その万博遠足をめぐり、5日に学校現場からあがった中止の要請。一方、万博PRのため精力的に活動する吉村知事は、5日は愛知県などを訪問し、改めて意気込みを語っている。

大阪府・吉村洋文知事:
あと1年弱、課題も指摘されている中、一生懸命準備をして、また愛知万博の経験を教えてもらいながら素晴らしい万博を来年の今ごろ開催したい。
未来社会をつくっていけるように次の社会に繋がるような万博ができればいいなと思っている。

来場意向調査のアンケートでも物議

こうした“万博遠足”の無料招待を巡る問題は、5日に始まったことではない。

府内の約1900校の小中高校を対象に行われた万博への来場意向調査のアンケートでは、「学校単位での訪問を希望するか」の項目には、
▲希望する
▲未定・検討中
の2つだけで選択肢に「希望しない」がなかったため、一部で“不満の声”が上がった。

アンケートには約1740校が回答し、結果は約7割(約1390校)の学校が「希望する」を選び、「未定・検討中」が約2割(約350校)、1割は未回答だった。
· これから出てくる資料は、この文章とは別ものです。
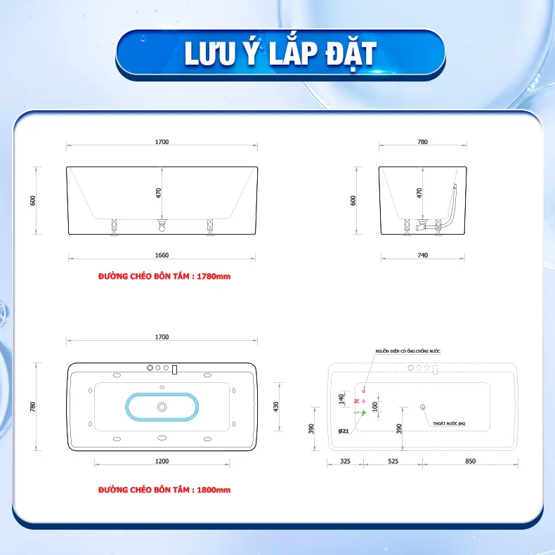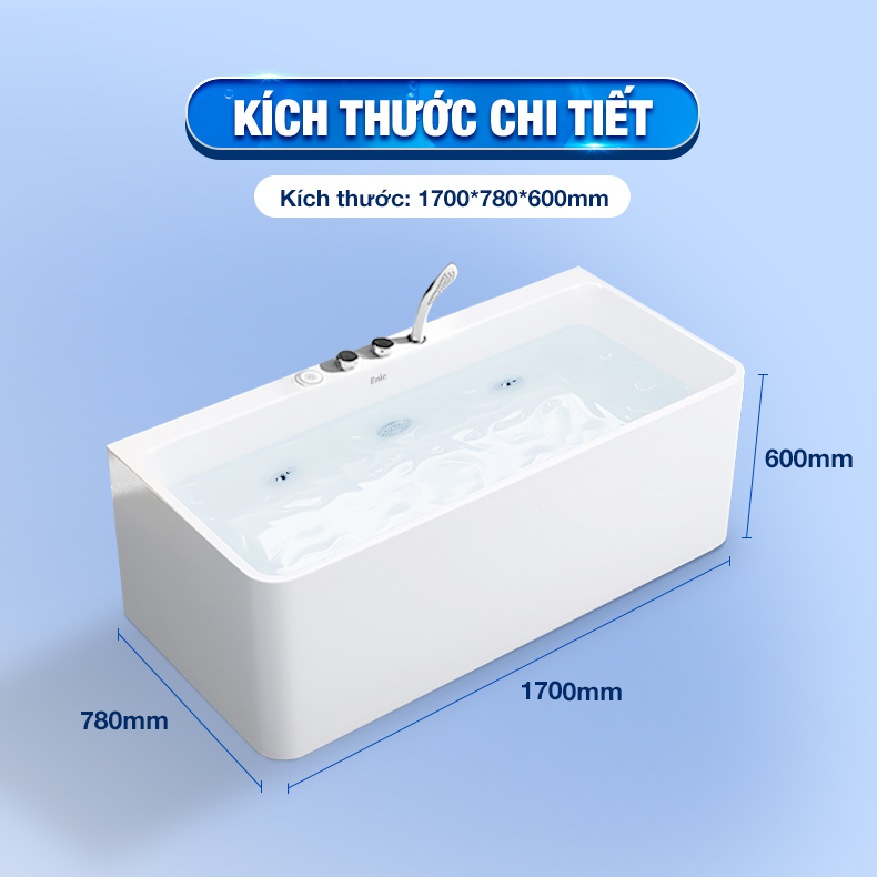Điểm nhấn của thiết bị vệ sinh này là hệ thống đèn LED hiện đại, kết hợp với Bluetooth, cho phép bạn tận hưởng không gian thư giãn đầy phong cách. Các nút điều khiển tiện lợi giúp quản lý dễ dàng các chức năng như vòi sen, tay sen, đèn LED và xiphong thoát nước. Với công suất định mức 1050W, tổng công suất máy bơm nước 2250W và công suất bơm khí 300W, sản phẩm hoạt động ổn định và bền bỉ, đạt tiêu chuẩn an toàn IPX5.

この調査には、「来場を強制しているようだ!」という不満・怒りの声が出た。この問題について、5日の教職員組合の会見で話が出た。

大阪教職員組合 米山幸治書記長:
この意向調査の段階で出さないと、「日程の希望・バスの割り当てがないかもしれません」ということまで書かれている。そういう意味では「非常に圧力的なもの」と受け取られる恐れがある中身ではないかと思う。
「とりあえず行くって出しとくよ」という学校や「うちの市では行くことになっています」と押しつけられるような状態の話も聞いている。

意向調査が、行くしかないようなニュアンスで圧力的だったという不満、ガス爆発事故、交通手段の問題など課題は山積している。

大規模イベントなだけに 学校側に懸念があるのも分かる。

番組キャスターのパックンはこの問題について、「まだ調整が必要な部分もありそうですね。安全第一なので控えることは理解できる。世界からの遠足がすぐ来る…それまでに皆の安全が保障できる対策、環境作りが今必要だと思う」と指摘する。

万博は子供の未来のためという意味合いが強いイベント。
自治体と教育現場にはベストな対策を模索することが求められている。